What to do:
Starting at the line holding "Stor kobbergryde med" and finishing at the line holding "Sulle mura di", transcribe the material exactly, keeping both ends but no pictures.

Material supplied:

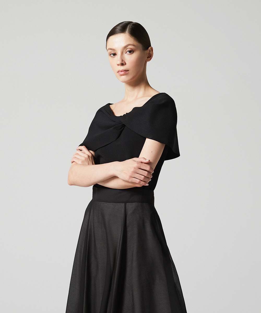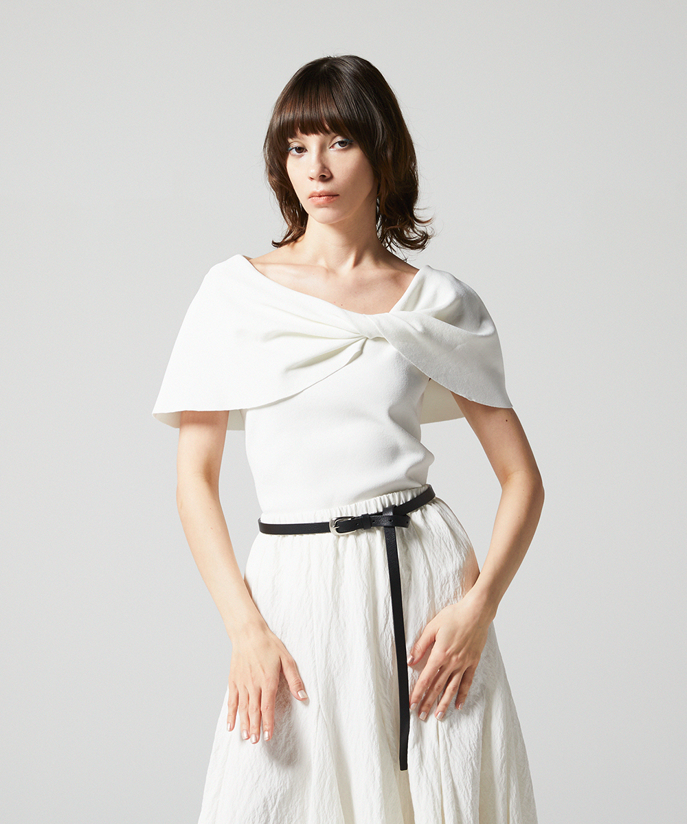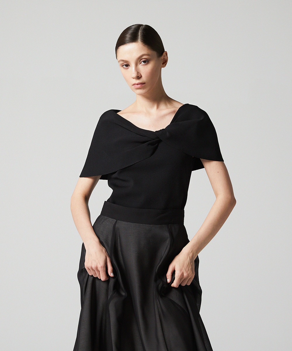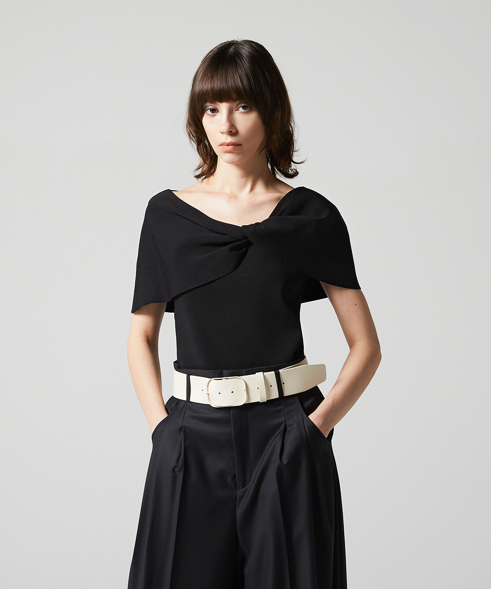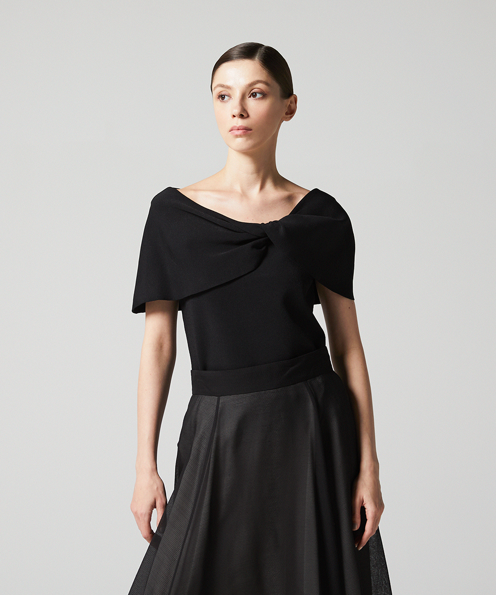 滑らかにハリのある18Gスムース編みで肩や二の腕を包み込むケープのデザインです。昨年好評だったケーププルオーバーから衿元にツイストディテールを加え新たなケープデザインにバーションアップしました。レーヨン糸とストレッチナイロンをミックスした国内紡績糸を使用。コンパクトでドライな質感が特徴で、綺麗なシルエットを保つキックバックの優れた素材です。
---
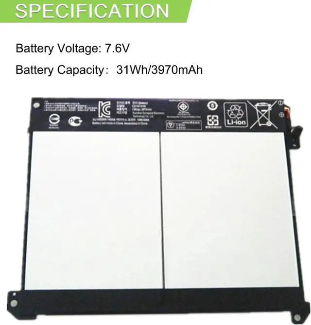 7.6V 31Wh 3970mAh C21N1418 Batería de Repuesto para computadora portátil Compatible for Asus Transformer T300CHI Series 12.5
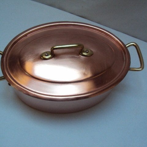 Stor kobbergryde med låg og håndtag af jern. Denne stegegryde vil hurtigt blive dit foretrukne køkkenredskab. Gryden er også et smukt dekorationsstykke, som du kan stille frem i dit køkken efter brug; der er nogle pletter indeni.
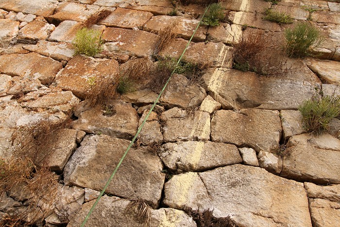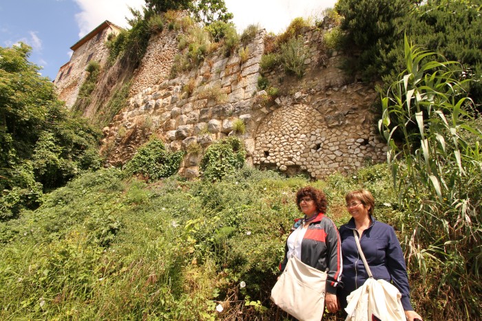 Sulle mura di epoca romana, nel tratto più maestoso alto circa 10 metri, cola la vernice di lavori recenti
--
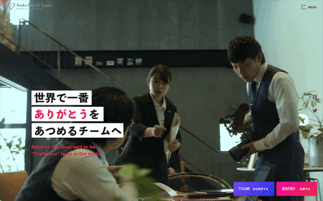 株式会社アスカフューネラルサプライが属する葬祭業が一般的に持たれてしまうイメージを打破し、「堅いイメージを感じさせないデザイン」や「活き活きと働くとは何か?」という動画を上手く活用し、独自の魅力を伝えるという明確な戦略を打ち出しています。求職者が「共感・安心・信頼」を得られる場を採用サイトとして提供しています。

Result for this exercise:
 Stor kobbergryde med låg og håndtag af jern. Denne stegegryde vil hurtigt blive dit foretrukne køkkenredskab. Gryden er også et smukt dekorationsstykke, som du kan stille frem i dit køkken efter brug; der er nogle pletter indeni.
 Sulle mura di epoca romana, nel tratto più maestoso alto circa 10 metri, cola la vernice di lavori recenti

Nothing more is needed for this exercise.